Data for review:
⟨

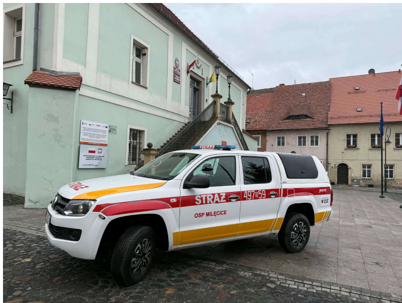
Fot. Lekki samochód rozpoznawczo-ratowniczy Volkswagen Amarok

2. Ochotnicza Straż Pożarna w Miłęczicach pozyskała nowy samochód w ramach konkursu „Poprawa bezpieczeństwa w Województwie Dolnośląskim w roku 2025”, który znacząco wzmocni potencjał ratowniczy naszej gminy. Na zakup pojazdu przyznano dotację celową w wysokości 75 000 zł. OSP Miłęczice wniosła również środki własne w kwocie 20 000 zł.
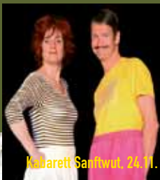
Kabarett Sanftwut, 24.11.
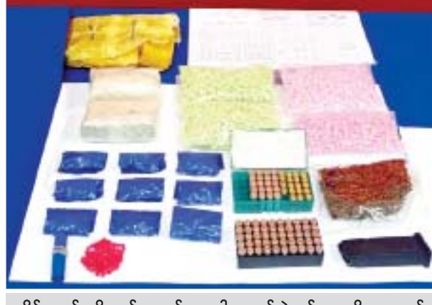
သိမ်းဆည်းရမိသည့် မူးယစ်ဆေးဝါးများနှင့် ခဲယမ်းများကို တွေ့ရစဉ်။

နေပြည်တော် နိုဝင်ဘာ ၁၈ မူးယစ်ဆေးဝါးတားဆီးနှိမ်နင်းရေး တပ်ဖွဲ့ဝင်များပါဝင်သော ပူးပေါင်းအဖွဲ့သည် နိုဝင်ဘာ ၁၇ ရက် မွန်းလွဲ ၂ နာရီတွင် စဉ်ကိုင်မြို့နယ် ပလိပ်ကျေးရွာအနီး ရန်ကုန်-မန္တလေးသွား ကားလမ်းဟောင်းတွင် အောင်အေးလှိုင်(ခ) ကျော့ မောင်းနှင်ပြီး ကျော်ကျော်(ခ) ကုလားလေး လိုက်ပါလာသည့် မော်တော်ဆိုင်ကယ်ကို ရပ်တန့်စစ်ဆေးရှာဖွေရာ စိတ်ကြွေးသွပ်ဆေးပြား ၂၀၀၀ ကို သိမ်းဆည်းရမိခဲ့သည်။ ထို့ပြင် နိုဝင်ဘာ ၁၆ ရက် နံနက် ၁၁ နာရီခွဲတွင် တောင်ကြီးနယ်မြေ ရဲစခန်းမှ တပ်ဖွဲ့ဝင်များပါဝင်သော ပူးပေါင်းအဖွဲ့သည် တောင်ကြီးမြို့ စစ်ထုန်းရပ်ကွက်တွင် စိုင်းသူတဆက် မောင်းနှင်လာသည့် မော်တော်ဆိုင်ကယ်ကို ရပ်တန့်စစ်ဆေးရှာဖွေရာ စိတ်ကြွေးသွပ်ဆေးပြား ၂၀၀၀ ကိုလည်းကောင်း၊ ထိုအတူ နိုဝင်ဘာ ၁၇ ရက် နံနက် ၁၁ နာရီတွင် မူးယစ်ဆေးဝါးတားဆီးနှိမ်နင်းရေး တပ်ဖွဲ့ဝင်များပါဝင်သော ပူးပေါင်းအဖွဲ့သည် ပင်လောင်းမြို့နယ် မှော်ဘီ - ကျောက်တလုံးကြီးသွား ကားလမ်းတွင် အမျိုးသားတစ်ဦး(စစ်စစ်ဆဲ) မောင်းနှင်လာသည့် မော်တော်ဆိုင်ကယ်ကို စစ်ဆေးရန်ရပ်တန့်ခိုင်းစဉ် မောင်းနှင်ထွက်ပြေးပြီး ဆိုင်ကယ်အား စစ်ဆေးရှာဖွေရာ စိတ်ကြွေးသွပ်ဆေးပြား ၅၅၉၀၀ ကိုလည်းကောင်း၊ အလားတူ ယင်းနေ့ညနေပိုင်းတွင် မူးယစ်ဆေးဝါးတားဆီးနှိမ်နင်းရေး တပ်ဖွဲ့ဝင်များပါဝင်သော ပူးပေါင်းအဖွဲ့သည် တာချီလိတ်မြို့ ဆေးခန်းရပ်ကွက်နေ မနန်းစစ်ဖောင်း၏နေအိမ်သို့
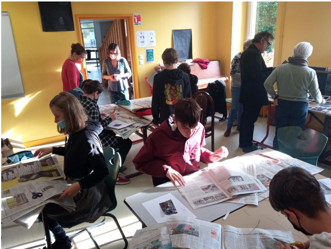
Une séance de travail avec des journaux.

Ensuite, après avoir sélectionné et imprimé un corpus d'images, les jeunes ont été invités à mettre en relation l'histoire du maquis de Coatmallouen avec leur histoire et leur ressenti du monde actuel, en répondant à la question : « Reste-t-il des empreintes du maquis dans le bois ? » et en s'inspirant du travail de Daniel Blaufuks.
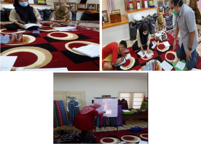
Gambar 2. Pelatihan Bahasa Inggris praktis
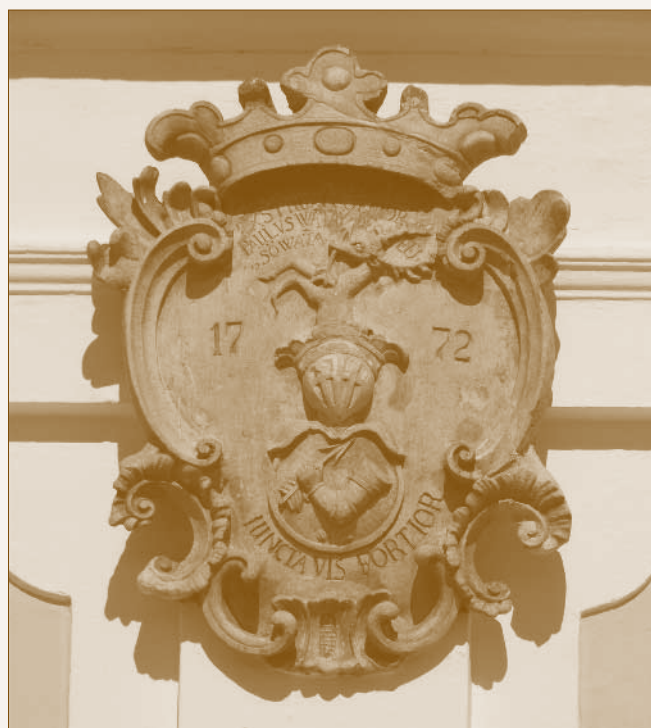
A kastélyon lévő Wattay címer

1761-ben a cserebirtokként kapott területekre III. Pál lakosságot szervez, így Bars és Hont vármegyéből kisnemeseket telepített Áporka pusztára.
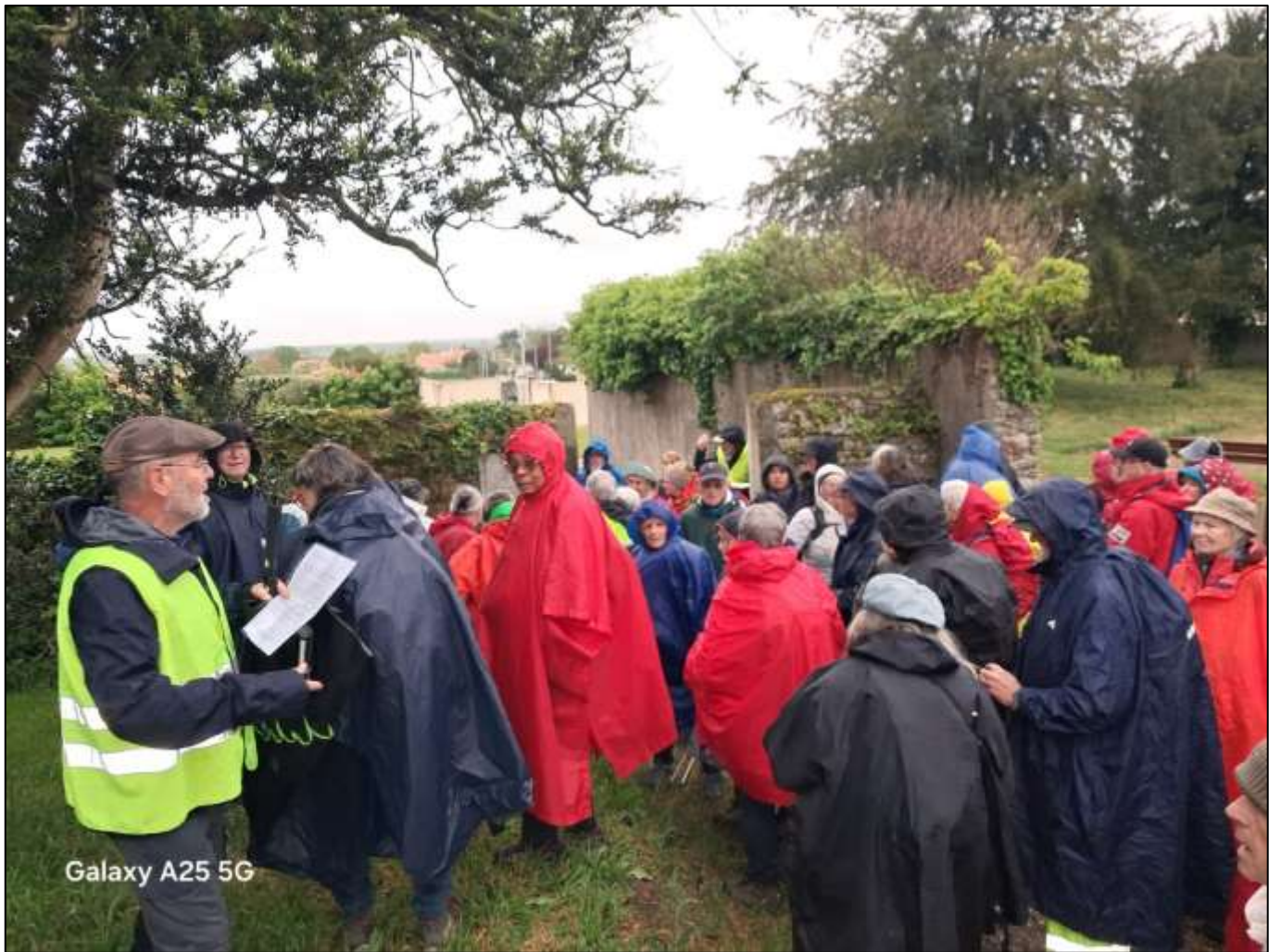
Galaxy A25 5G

⟩
⟨

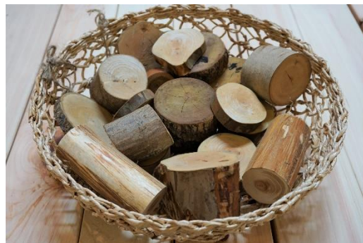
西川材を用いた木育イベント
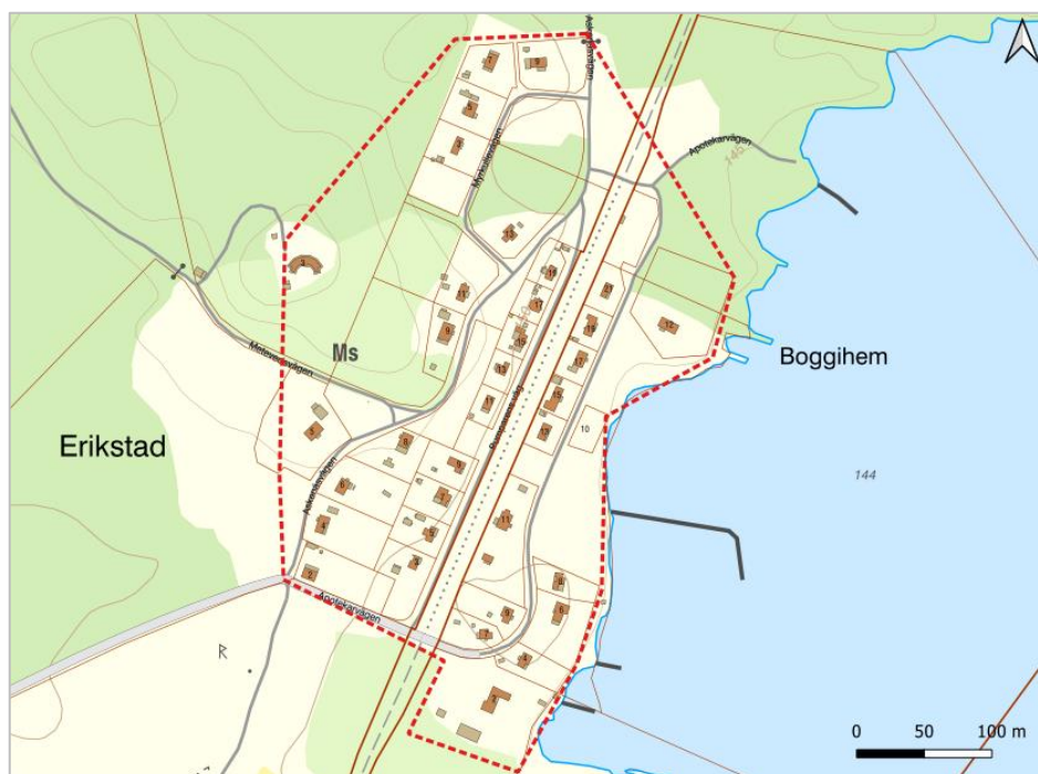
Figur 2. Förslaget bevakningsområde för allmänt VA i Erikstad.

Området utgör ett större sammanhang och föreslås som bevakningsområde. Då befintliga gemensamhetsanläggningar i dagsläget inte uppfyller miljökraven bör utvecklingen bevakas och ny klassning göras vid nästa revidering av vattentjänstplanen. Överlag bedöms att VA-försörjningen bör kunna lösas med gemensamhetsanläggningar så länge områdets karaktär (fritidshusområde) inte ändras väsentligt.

⟩

Exercise objective:
Reproduce the lines above beginning at the line that contains "Ensuite, après avoir" and ending at the line that contains "Galaxy A25 5G". No pictures.

Exercise solution:
Ensuite, après avoir sélectionné et imprimé un corpus d'images, les jeunes ont été invités à mettre en relation l'histoire du maquis de Coatmallouen avec leur histoire et leur ressenti du monde actuel, en répondant à la question : « Reste-t-il des empreintes du maquis dans le bois ? » et en s'inspirant du travail de Daniel Blaufuks.
Gambar 2. Pelatihan Bahasa Inggris praktis
A kastélyon lévő Wattay címer

1761-ben a cserebirtokként kapott területekre III. Pál lakosságot szervez, így Bars és Hont vármegyéből kisnemeseket telepített Áporka pusztára.
Galaxy A25 5G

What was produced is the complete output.